= AW*-algebra =

In mathematics, an AW*-algebra is an algebraic generalization of a W*-algebra. They were introduced by Irving Kaplansky in 1951. As operator algebras, von Neumann algebras, among all C*-algebras, are typically handled using one of two means: they are the dual space of some Banach space, and they are determined to a large extent by their projections. The idea behind AW*-algebras is to forget the former, topological, condition, and use only the latter, algebraic, condition.

== Definition ==

Recall that a projection of a C*-algebra is a self-adjoint idempotent element. A C*-algebra A is an AW*-algebra if for every subset S of A, the left annihilator
$\mathrm{Ann}_L(S)=\{a\in A\mid \forall s\in S, as=0 \}\,$
is generated as a left ideal by some projection p of A, and similarly the right annihilator is generated as a right ideal by some projection q:
$\forall S \subseteq A\, \exists p,q \in \mathrm{Proj}(A) \colon \mathrm{Ann}_L(S)=Ap, \quad \mathrm{Ann}_R(S)=qA$.

Hence an AW*-algebra is a C*-algebra that is at the same time a Baer *-ring.

The original definition of Kaplansky states that an AW*-algebra is a C*-algebra such that (1) any set of orthogonal projections has a least upper bound, and (2) each maximal commutative C*-subalgebra is generated by its projections. The first condition states that the projections have an interesting structure, while the second condition ensures that there are enough projections for it to be interesting. Note that the second condition is equivalent to the condition that each maximal commutative C*-subalgebra is monotone complete.

== Structure theory ==

Many results concerning von Neumann algebras carry over to AW*-algebras. For example, AW*-algebras can be classified according to the behavior of their projections, and decompose into types. For another example, normal matrices with entries in an AW*-algebra can always be diagonalized. AW*-algebras also always have polar decomposition.

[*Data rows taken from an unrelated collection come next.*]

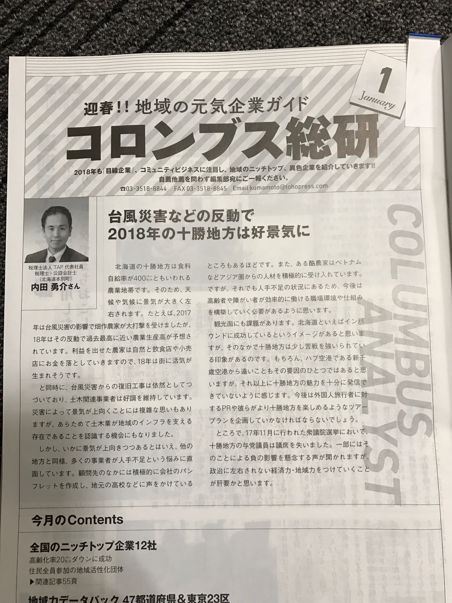 『月刊コロンブス』の新春号にて取材を受けまして記事が載りました。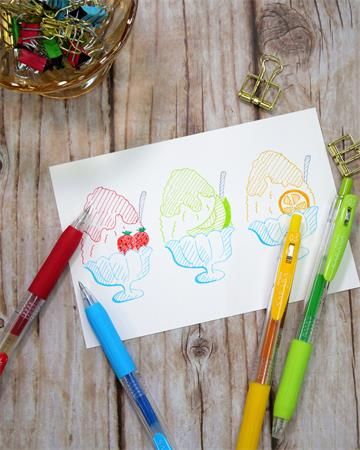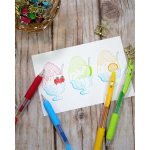 Gélové pero s transparentným plastovým telom, jednofarebným ergonomicky tvarovaným úchopom. Vymeniteľná gélová náplň modrej farby, šírka stopy 0,5 mm. Horná časť dekoračne potlačená detským motívom.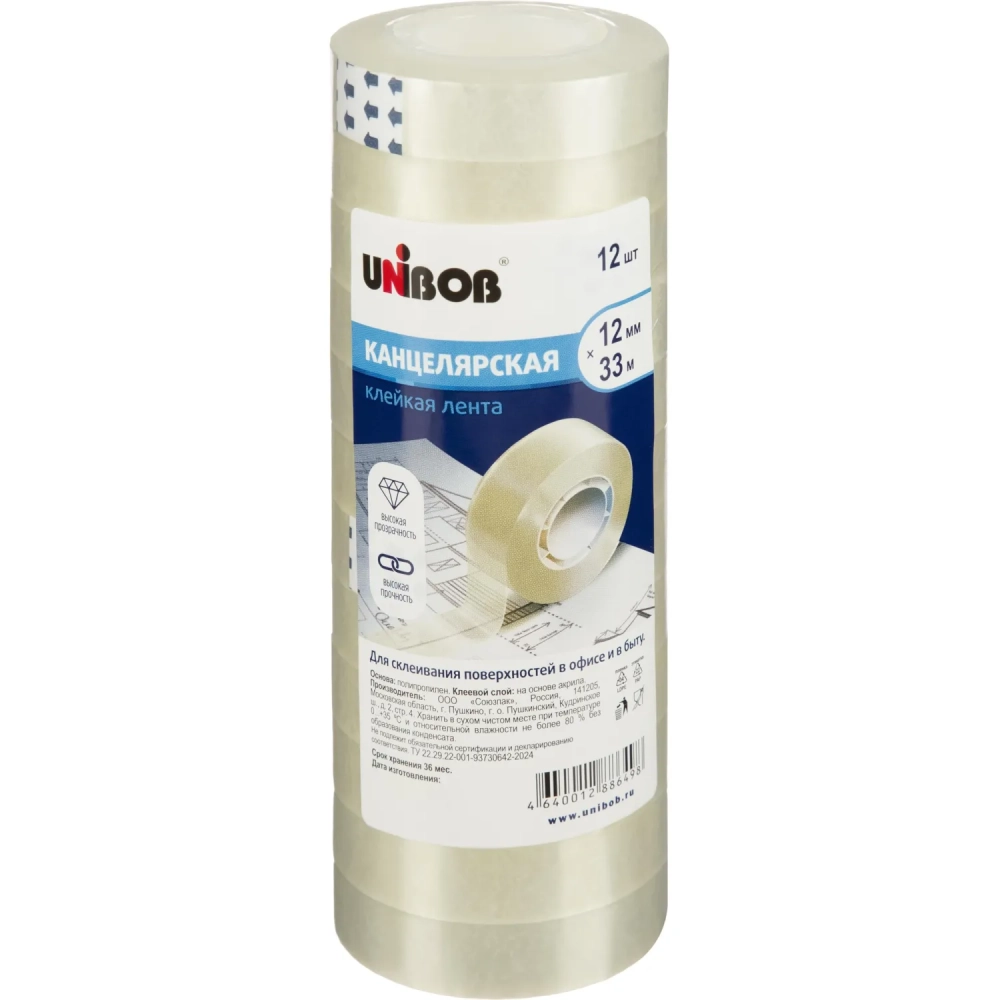 Клейкая лента канцелярская Unibob 12x33 (12шт/уп)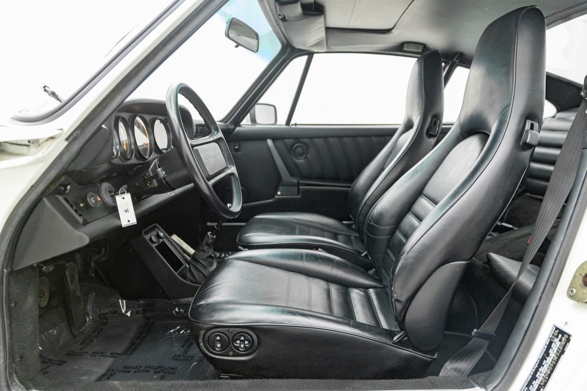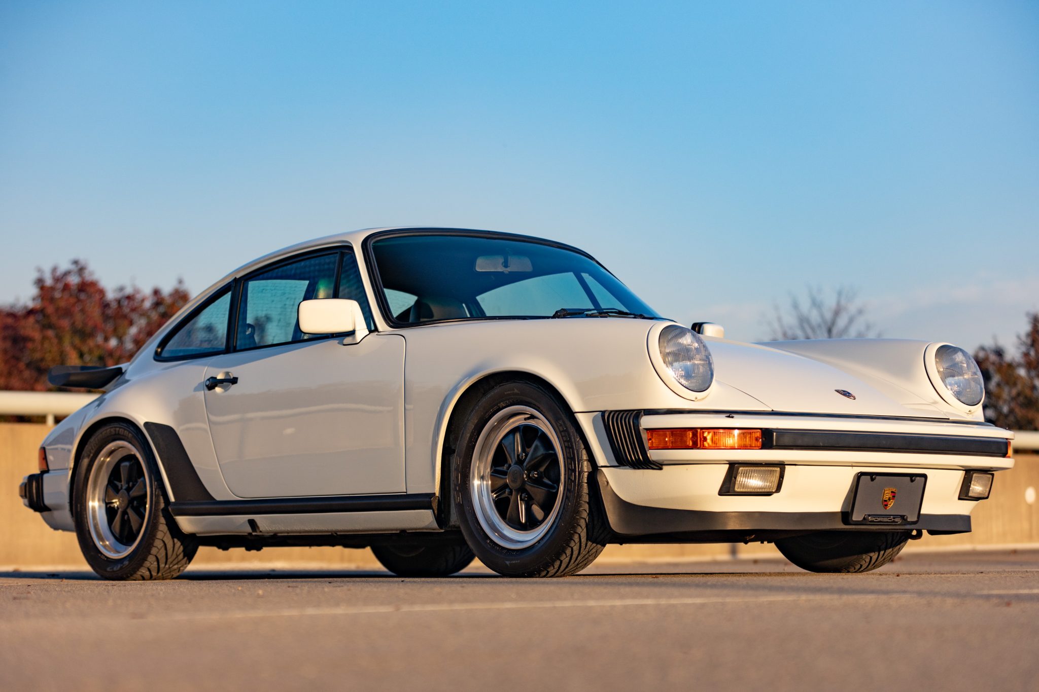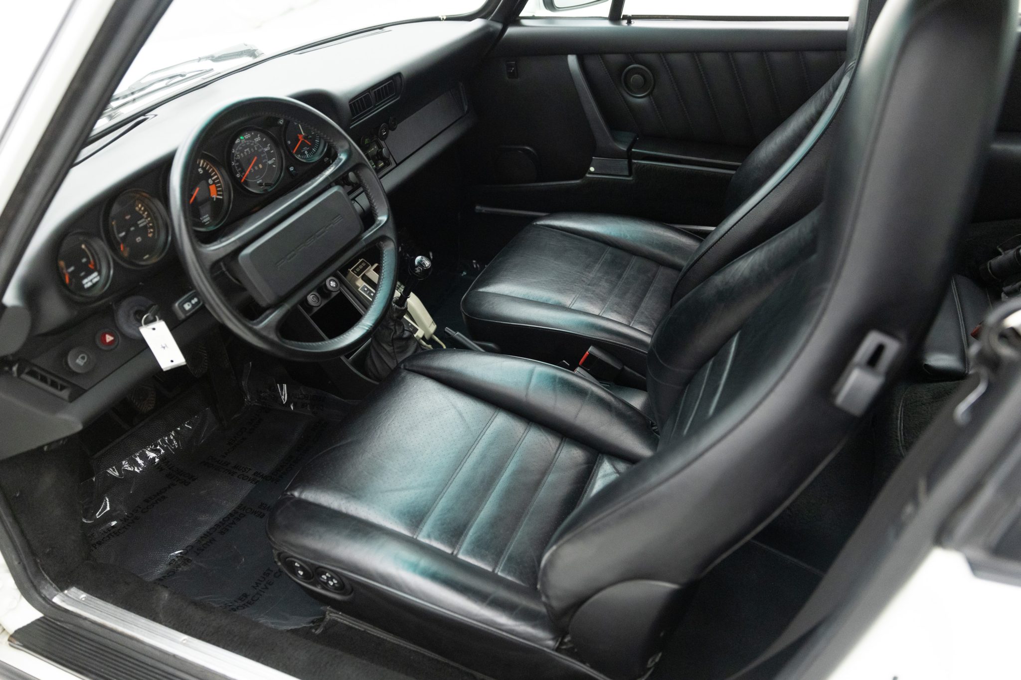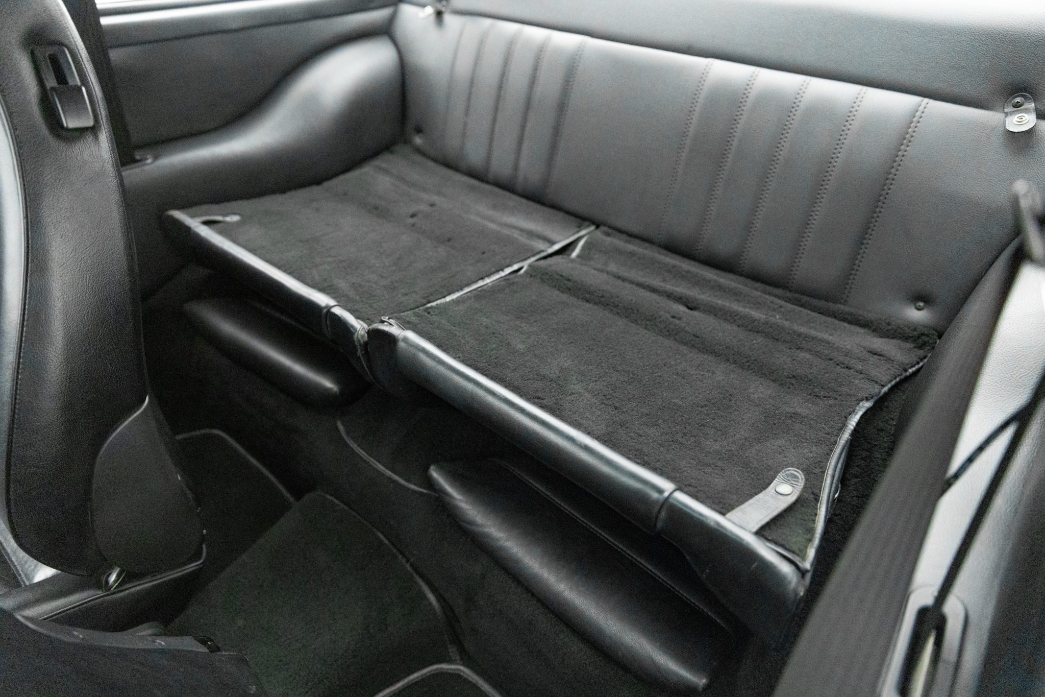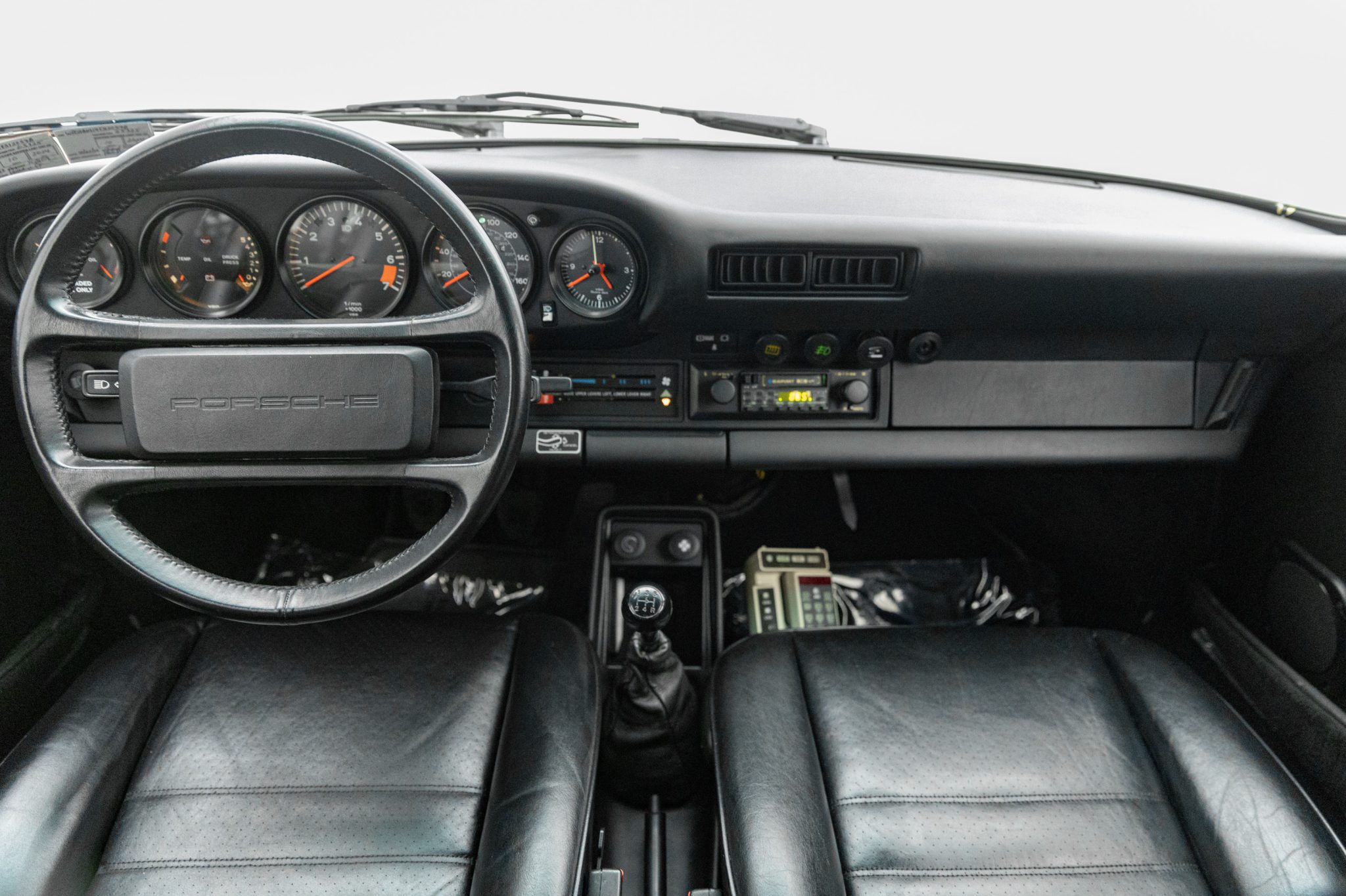 The car is powered by a 3.2-liter flat-six paired with a 915 five-speed manual transaxle and is finished in Grand Prix White over black leather upholstery. Equipment includes 16″ Fuchs alloy wheels, a rear spoiler, a power-operated sunroof, a power-adjustable driver’s seat, air conditioning, power windows, cruise control, and a Blaupunkt AM/FM/cassette stereo.

However, there are also ways in which AW*-algebras behave differently from von Neumann algebras. For example, AW*-algebras of type I can exhibit pathological properties, even though Kaplansky already showed that such algebras with trivial center are automatically von Neumann algebras.

== The commutative case ==
A commutative C*-algebra is an AW*-algebra if and only if its spectrum is a Stonean space. Via Stone duality, commutative AW*-algebras therefore correspond to complete Boolean algebras. The projections of a commutative AW*-algebra form a complete Boolean algebra, and conversely, any complete Boolean algebra is isomorphic to the projections of some commutative AW*-algebra.